Records from a collection
━━━━━━━━
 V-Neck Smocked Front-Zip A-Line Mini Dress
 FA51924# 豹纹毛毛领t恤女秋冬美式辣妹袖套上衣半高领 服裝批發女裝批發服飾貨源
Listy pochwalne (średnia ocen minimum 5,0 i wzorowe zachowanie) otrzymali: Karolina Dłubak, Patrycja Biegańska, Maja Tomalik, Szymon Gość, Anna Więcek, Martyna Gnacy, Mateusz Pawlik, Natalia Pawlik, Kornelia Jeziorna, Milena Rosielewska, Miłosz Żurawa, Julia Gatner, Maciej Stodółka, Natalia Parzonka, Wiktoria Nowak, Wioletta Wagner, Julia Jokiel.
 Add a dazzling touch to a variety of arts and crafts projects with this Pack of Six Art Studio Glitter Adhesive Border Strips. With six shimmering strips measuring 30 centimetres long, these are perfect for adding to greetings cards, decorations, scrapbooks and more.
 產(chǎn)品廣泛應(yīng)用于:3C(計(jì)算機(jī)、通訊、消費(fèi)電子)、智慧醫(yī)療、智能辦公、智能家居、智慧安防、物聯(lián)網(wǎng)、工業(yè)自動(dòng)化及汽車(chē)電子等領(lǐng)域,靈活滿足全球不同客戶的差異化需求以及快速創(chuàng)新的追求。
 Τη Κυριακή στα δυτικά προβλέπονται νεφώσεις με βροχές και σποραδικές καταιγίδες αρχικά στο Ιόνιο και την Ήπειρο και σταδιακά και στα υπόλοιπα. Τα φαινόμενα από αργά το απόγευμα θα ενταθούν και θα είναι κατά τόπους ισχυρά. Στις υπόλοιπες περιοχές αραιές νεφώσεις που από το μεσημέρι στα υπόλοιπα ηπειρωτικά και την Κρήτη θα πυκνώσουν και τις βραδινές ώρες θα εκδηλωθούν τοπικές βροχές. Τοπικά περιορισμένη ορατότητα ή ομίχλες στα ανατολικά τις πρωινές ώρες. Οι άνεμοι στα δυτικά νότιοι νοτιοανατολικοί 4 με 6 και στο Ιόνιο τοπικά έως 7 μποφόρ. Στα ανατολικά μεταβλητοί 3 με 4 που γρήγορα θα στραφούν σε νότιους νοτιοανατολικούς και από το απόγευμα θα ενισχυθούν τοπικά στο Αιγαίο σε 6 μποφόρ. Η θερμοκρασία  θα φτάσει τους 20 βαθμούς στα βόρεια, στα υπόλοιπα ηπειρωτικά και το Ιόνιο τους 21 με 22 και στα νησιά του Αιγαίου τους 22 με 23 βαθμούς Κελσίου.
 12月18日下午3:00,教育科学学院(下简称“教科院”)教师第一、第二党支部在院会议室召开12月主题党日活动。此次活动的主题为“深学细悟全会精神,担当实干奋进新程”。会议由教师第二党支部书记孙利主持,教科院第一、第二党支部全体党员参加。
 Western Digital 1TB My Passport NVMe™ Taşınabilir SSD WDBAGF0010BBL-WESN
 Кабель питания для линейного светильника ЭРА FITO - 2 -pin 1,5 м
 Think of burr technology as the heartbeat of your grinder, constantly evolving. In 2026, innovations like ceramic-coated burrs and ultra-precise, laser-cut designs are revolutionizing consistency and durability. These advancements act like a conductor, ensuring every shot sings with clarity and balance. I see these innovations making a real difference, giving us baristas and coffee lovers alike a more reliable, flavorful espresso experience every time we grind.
━━━━━━━━
**EXERCISE DIRECTIONS**
Once the line with "12月18日下午3:00,教" has been found in the records above, retype it and every line after it exactly, and include nothing else.

**TASK RESULT**
 12月18日下午3:00,教育科学学院(下简称“教科院”)教师第一、第二党支部在院会议室召开12月主题党日活动。此次活动的主题为“深学细悟全会精神,担当实干奋进新程”。会议由教师第二党支部书记孙利主持,教科院第一、第二党支部全体党员参加。
 Western Digital 1TB My Passport NVMe™ Taşınabilir SSD WDBAGF0010BBL-WESN
 Кабель питания для линейного светильника ЭРА FITO - 2 -pin 1,5 м
 Think of burr technology as the heartbeat of your grinder, constantly evolving. In 2026, innovations like ceramic-coated burrs and ultra-precise, laser-cut designs are revolutionizing consistency and durability. These advancements act like a conductor, ensuring every shot sings with clarity and balance. I see these innovations making a real difference, giving us baristas and coffee lovers alike a more reliable, flavorful espresso experience every time we grind.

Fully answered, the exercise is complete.